---------- Material provided
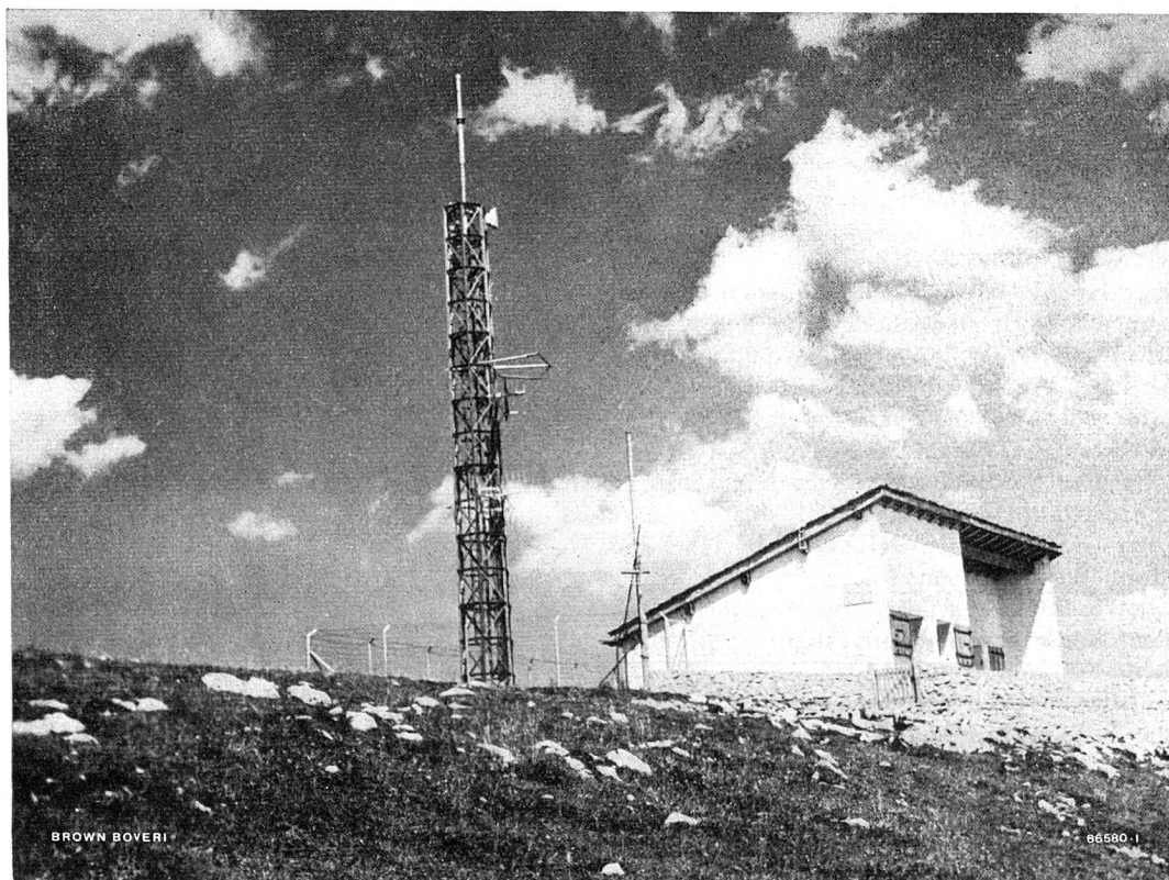
Unbediente Relaisstation auf dem Chasseral

für die drahtlose Telephonverbindung mit der Endstation Genf und der Relaisstation Uetliberg.
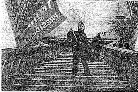
MANIFESTANTE segura uma bandeira Trump dentro do edifício do Capitólio

Havia de tudo naquela multidão: jovens, velhos, famílias, veteranos, pastores, policiais (alguns pastores policiais), professores e malucos fantasiados, todos movidos pela realidade paralela instigada pelo presidente Donald Trump.
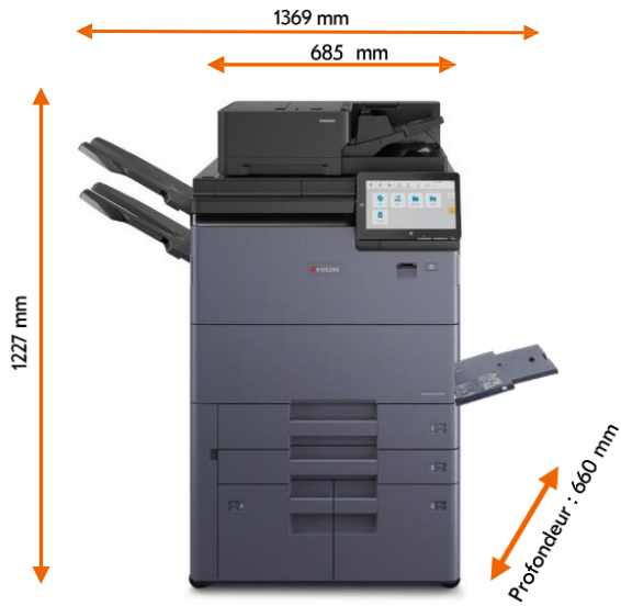
Copy Tray (D)
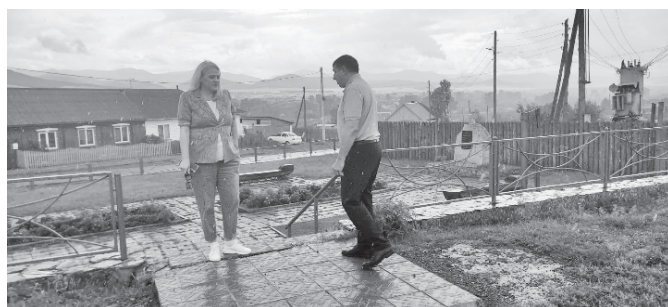
В сквере «Начало казачества»
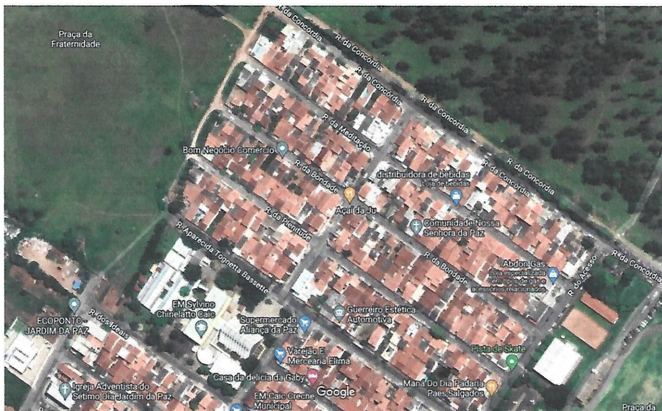
Imagens ©2022 CNES / Airbus, Maxar Technologies, Dados do mapa ©2022 50 m
--------------------
Exercise instructions: Report each line in the entries where the string "Relaisstation" occurs.

Output below:
Unbediente Relaisstation auf dem Chasseral
für die drahtlose Telephonverbindung mit der Endstation Genf und der Relaisstation Uetliberg.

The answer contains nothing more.